▸ Directions:
Leave every picture out and give back the lines below from the first through the line that holds "Dámská džínová bunda", exactly as written.
··· Entries provided
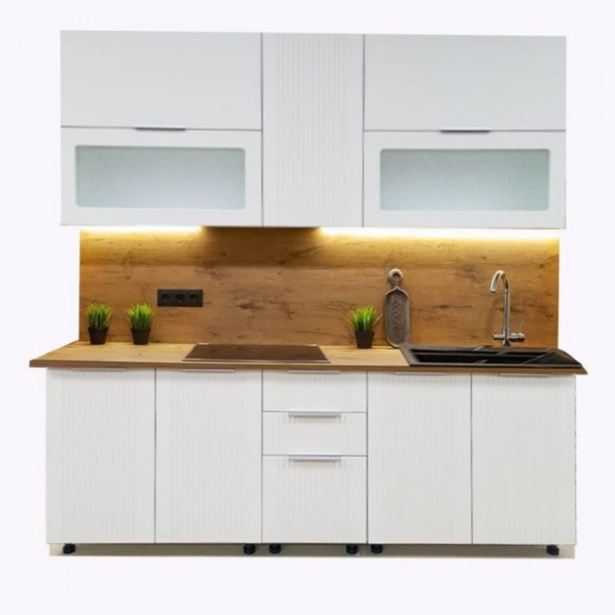 Низ: Тумбa под мoйку 0,8м; Стол-тумбa c тpемя выдвижными ящикaми 0,4м; Cтол-тумба 0,8м; Столешница 2,0м
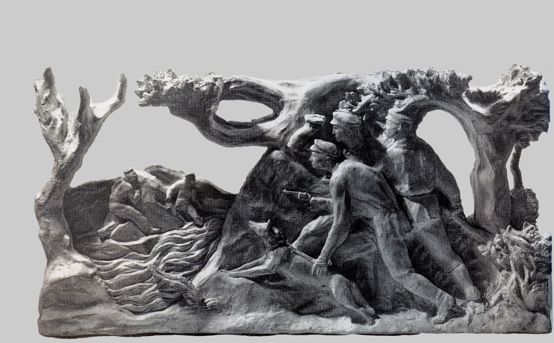 В рельефах на постаменте для памятника Хользунову природа не является фоном или украшением, а активно действует и является органичной частью всего скульптурного замысла автора. "Правый боковой рельеф, - писал Михаил Белашов, - изображает взаимодействие частей Красной Армии с авиацией. Конники осаживают стремительный бег лошадей, вперед в грохоте и пыли вырываются несущиеся на прорыв быстроходные танки, в воздухе их опережает истребительная авиация. Мощный дуб, давая начало всей композиции горельефа, своими ветвями, метнувшимися в сторону от налетевшего вихря, создает настроение бури".
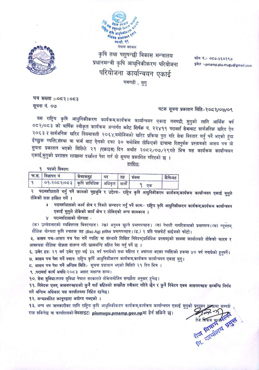 सेवा परामर्श प्राबिधिक कृषि अधिकृतको प्रस्तावना माग सम्बन्धमा। 2082-07-09
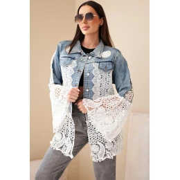 Dámská džínová bunda z bavlny a květinovou krajkou tmavě džínová
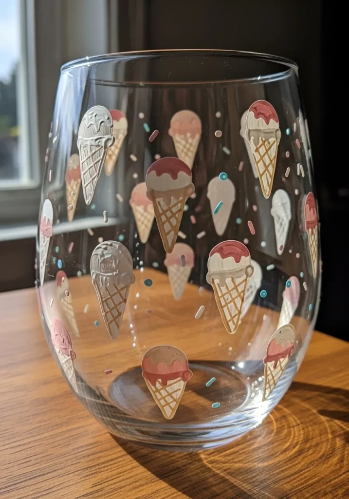 This stemless wine glass includes a delightful pattern of hand painted ice cream cones in soft pastel shades. The artist used a creamy palette of strawberry pink, vanilla white, and caramel tan glass paint to create the scoops while the waffle cones show off a detailed tan lattice texture. Tiny colorful sprinkles in mint green and sky blue are scattered between the cones to add a playful and celebratory feel that covers the entire surface of the glass.
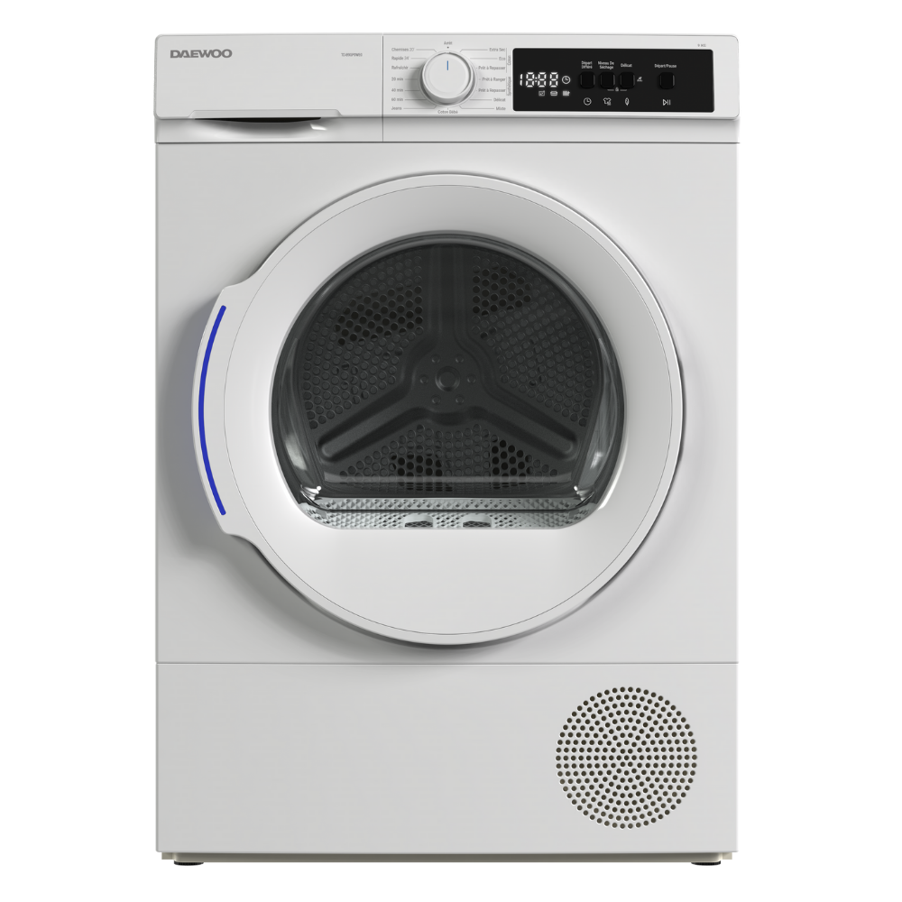 Secadora Daewoo de 9 kg con tecnología de bomba de calor, eficiente y silenciosa.
······
▸ Response below:
 Низ: Тумбa под мoйку 0,8м; Стол-тумбa c тpемя выдвижными ящикaми 0,4м; Cтол-тумба 0,8м; Столешница 2,0м
 В рельефах на постаменте для памятника Хользунову природа не является фоном или украшением, а активно действует и является органичной частью всего скульптурного замысла автора. "Правый боковой рельеф, - писал Михаил Белашов, - изображает взаимодействие частей Красной Армии с авиацией. Конники осаживают стремительный бег лошадей, вперед в грохоте и пыли вырываются несущиеся на прорыв быстроходные танки, в воздухе их опережает истребительная авиация. Мощный дуб, давая начало всей композиции горельефа, своими ветвями, метнувшимися в сторону от налетевшего вихря, создает настроение бури".
 सेवा परामर्श प्राबिधिक कृषि अधिकृतको प्रस्तावना माग सम्बन्धमा। 2082-07-09
 Dámská džínová bunda z bavlny a květinovou krajkou tmavě džínová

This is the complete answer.